Exercise aim: Give back an exact copy of the entries beneath, minus the pictures.

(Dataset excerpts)
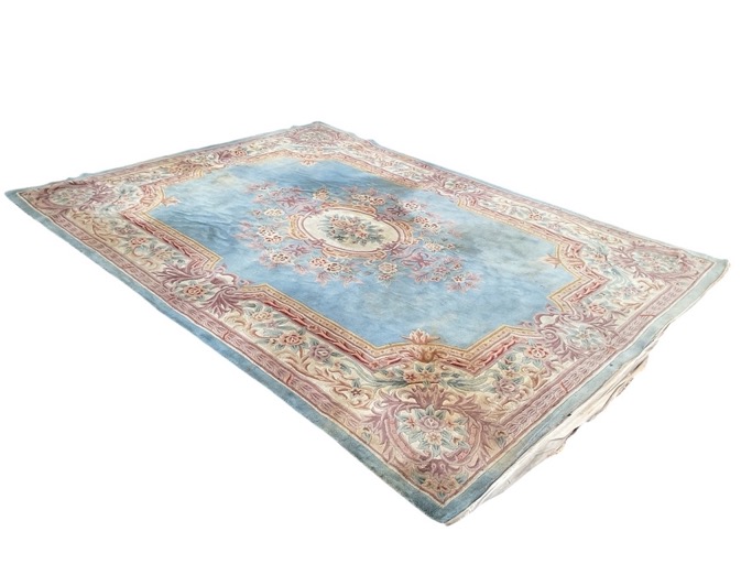 A Chinese Aubusson style wool carpet with oval floral medallion on a blue field within formal floral and foliate borders. (108in x 147in)
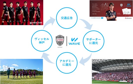 本取組みは、神戸市営地下鉄海岸線車内に掲示された、パレンテオリジナルブランド「WAVE」とヴィッセル神戸がコラボレーションした交通広告を掲示終了後全て回収し、オリジナルグッズとしてサポーター向けに販売、売上金全額をヴィッセル神戸アカデミーへ寄付する新しい取り組みです。
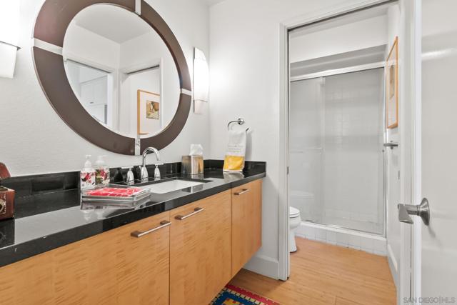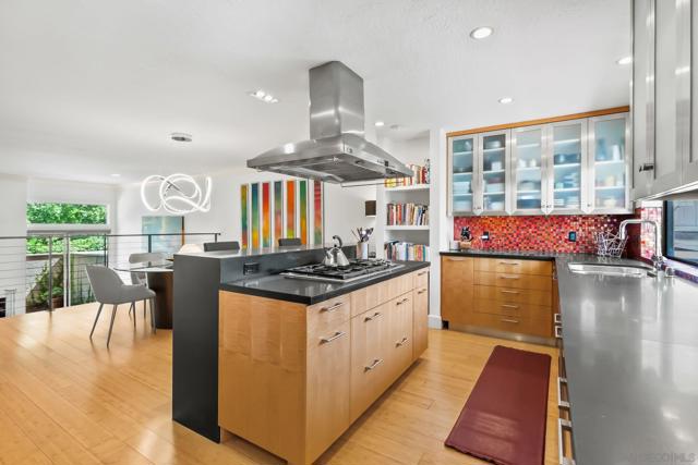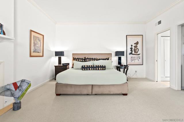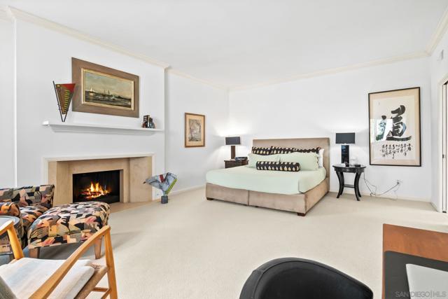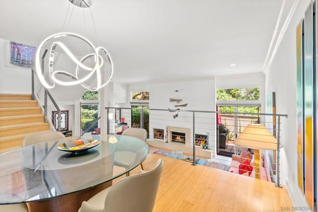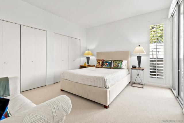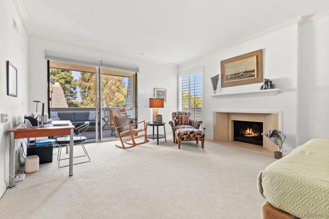 Absolutely gorgeous, light-filled, and perfectly positioned in one of the best locations in the complex, this La Jolla Shores townhome is quietly tucked away offering privacy, peace, and a serene setting. Extensively remodeled with over $250,000 in high-quality upgrades, the residence is ideally positioned in the coveted northwestern corner of the community, blending natural light, coastal charm, and an elevated sense of living. The home features 3 bedrooms and 3 en-suite bathrooms, including a highly sought-after main-level bedroom perfect for guests or a private home office. The dramatic living room impresses with soaring ceilings, abundant natural light, a fireplace, and bamboo flooring throughout the main living areas, while central air conditioning ensures year-round comfort. The beautifully remodeled kitchen combines style and functionality, showcasing stainless steel appliances, granite countertops, custom cabinetry, and oversized pantry drawers. Just off the living room, an enclosed patio creates a seamless indoor-outdoor flow ideal for entertaining. The spacious primary suite is a true retreat, featuring a wrap-around balcony, fireplace, walk-in closets, and a spa-inspired bath complete with a soaking tub, dual vanities, and a separate shower. An upstairs guest suite offers its own private bath and balcony access. Additional highlights include a 2-car attached garage with built-in cabinetry. Residents enjoy resort-style amenities including lush grounds, a private tennis court, and a sparkling pool—all just moments from La Jolla Shores beach, dining, and
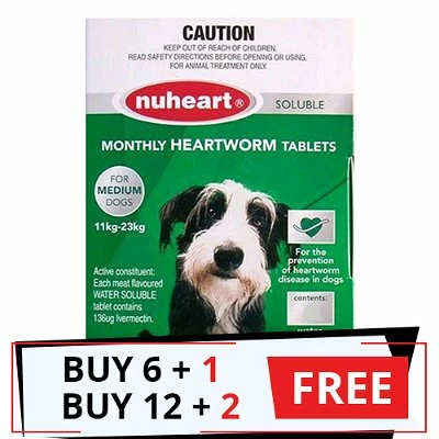 Nuheart up to 24 to 50lbs (Red) is a monthly heartworm preventive tablet for dogs. It is the generic version of Heartgard but more cost-effective than the original treatment. It contains the same ingredient as Heartgard – Ivermectin, with the same dose. Recommended for puppies at least 6 weeks of age, this oral tablet is a highly recommended treatment for heartworm prevention in medium dogs. It is very easy to administer due to its meat flavor property that makes dogs easily accept the tablet (11-23 kg).
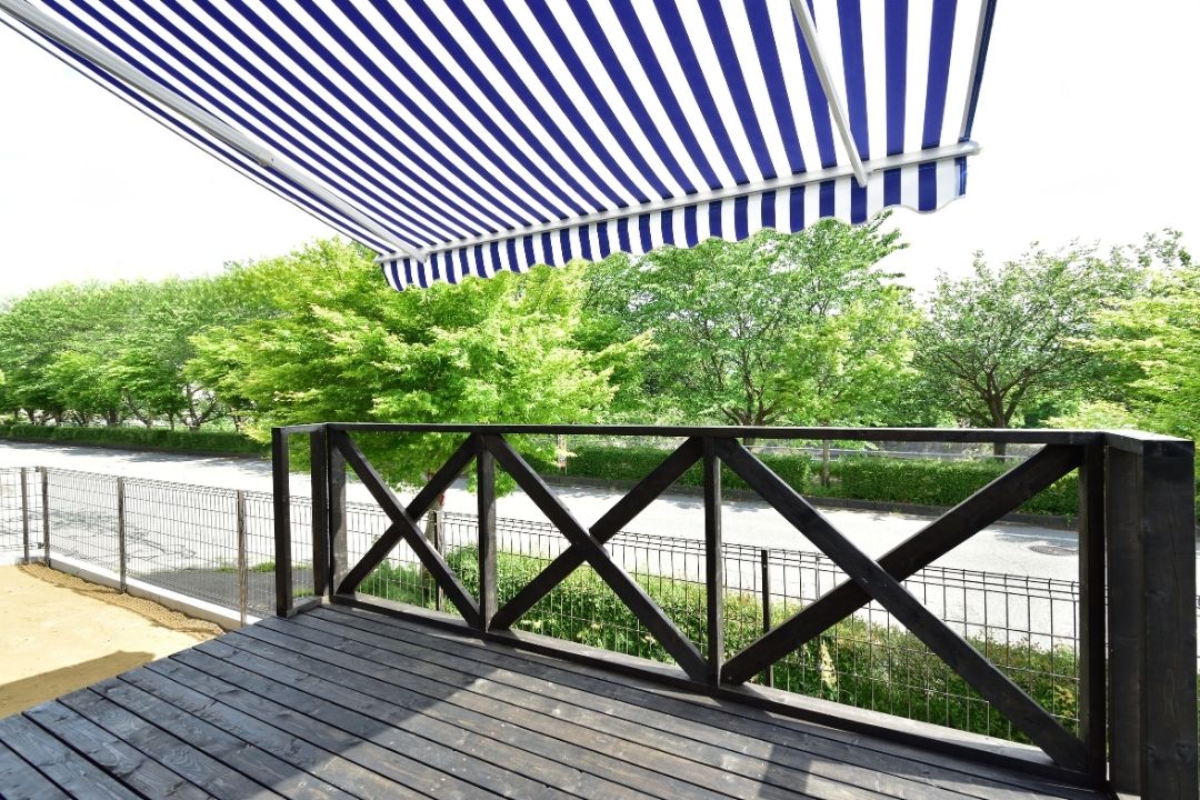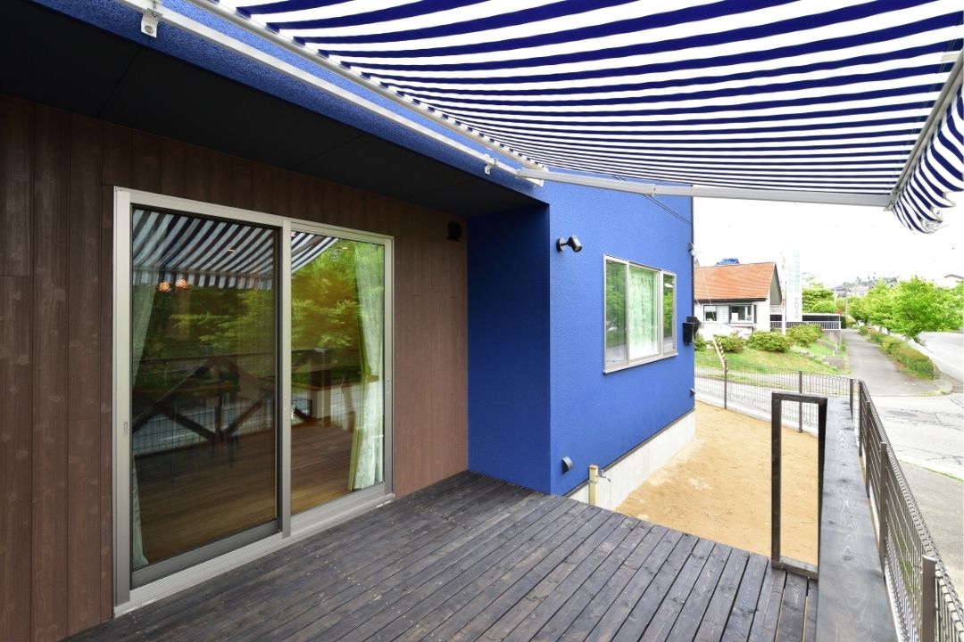 リビングに繋がるウッドデッキは使い勝手がいいシェード付きです。
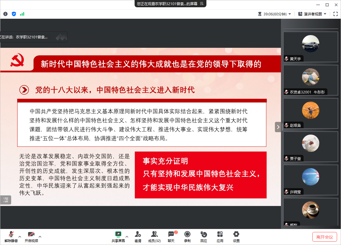 曾袁琳珺以坚持党的全面领导为题讲授微党课,一是中国共产党是中国式现代化和民族复兴呼唤新的政治力量;二是中国共产党应运而生实现了中国社会的深刻变革,三是中国共产党领导中国特色社会主义发展了中国,四是新时代中国特色社会主义的伟大成就是在中国共产党的领导下取得的。
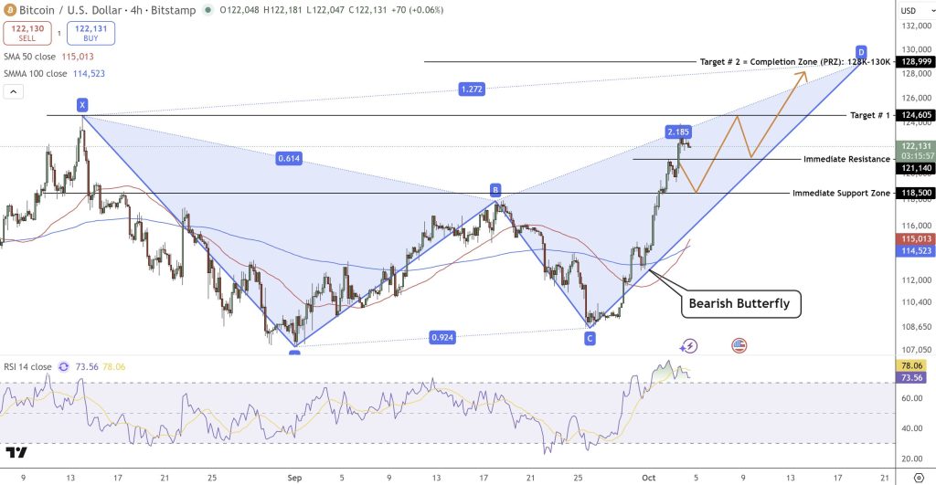 不过,图表同时显示出一个看跌蝴蝶谐波形态(Bearish Butterfly),这一技术形态通常意味着上涨趋势可能接近尾声。

Answer for the task:
 A Chinese Aubusson style wool carpet with oval floral medallion on a blue field within formal floral and foliate borders. (108in x 147in)
 本取組みは、神戸市営地下鉄海岸線車内に掲示された、パレンテオリジナルブランド「WAVE」とヴィッセル神戸がコラボレーションした交通広告を掲示終了後全て回収し、オリジナルグッズとしてサポーター向けに販売、売上金全額をヴィッセル神戸アカデミーへ寄付する新しい取り組みです。
 Absolutely gorgeous, light-filled, and perfectly positioned in one of the best locations in the complex, this La Jolla Shores townhome is quietly tucked away offering privacy, peace, and a serene setting. Extensively remodeled with over $250,000 in high-quality upgrades, the residence is ideally positioned in the coveted northwestern corner of the community, blending natural light, coastal charm, and an elevated sense of living. The home features 3 bedrooms and 3 en-suite bathrooms, including a highly sought-after main-level bedroom perfect for guests or a private home office. The dramatic living room impresses with soaring ceilings, abundant natural light, a fireplace, and bamboo flooring throughout the main living areas, while central air conditioning ensures year-round comfort. The beautifully remodeled kitchen combines style and functionality, showcasing stainless steel appliances, granite countertops, custom cabinetry, and oversized pantry drawers. Just off the living room, an enclosed patio creates a seamless indoor-outdoor flow ideal for entertaining. The spacious primary suite is a true retreat, featuring a wrap-around balcony, fireplace, walk-in closets, and a spa-inspired bath complete with a soaking tub, dual vanities, and a separate shower. An upstairs guest suite offers its own private bath and balcony access. Additional highlights include a 2-car attached garage with built-in cabinetry. Residents enjoy resort-style amenities including lush grounds, a private tennis court, and a sparkling pool—all just moments from La Jolla Shores beach, dining, and
 Nuheart up to 24 to 50lbs (Red) is a monthly heartworm preventive tablet for dogs. It is the generic version of Heartgard but more cost-effective than the original treatment. It contains the same ingredient as Heartgard – Ivermectin, with the same dose. Recommended for puppies at least 6 weeks of age, this oral tablet is a highly recommended treatment for heartworm prevention in medium dogs. It is very easy to administer due to its meat flavor property that makes dogs easily accept the tablet (11-23 kg).
 リビングに繋がるウッドデッキは使い勝手がいいシェード付きです。
 曾袁琳珺以坚持党的全面领导为题讲授微党课,一是中国共产党是中国式现代化和民族复兴呼唤新的政治力量;二是中国共产党应运而生实现了中国社会的深刻变革,三是中国共产党领导中国特色社会主义发展了中国,四是新时代中国特色社会主义的伟大成就是在中国共产党的领导下取得的。
 不过,图表同时显示出一个看跌蝴蝶谐波形态(Bearish Butterfly),这一技术形态通常意味着上涨趋势可能接近尾声。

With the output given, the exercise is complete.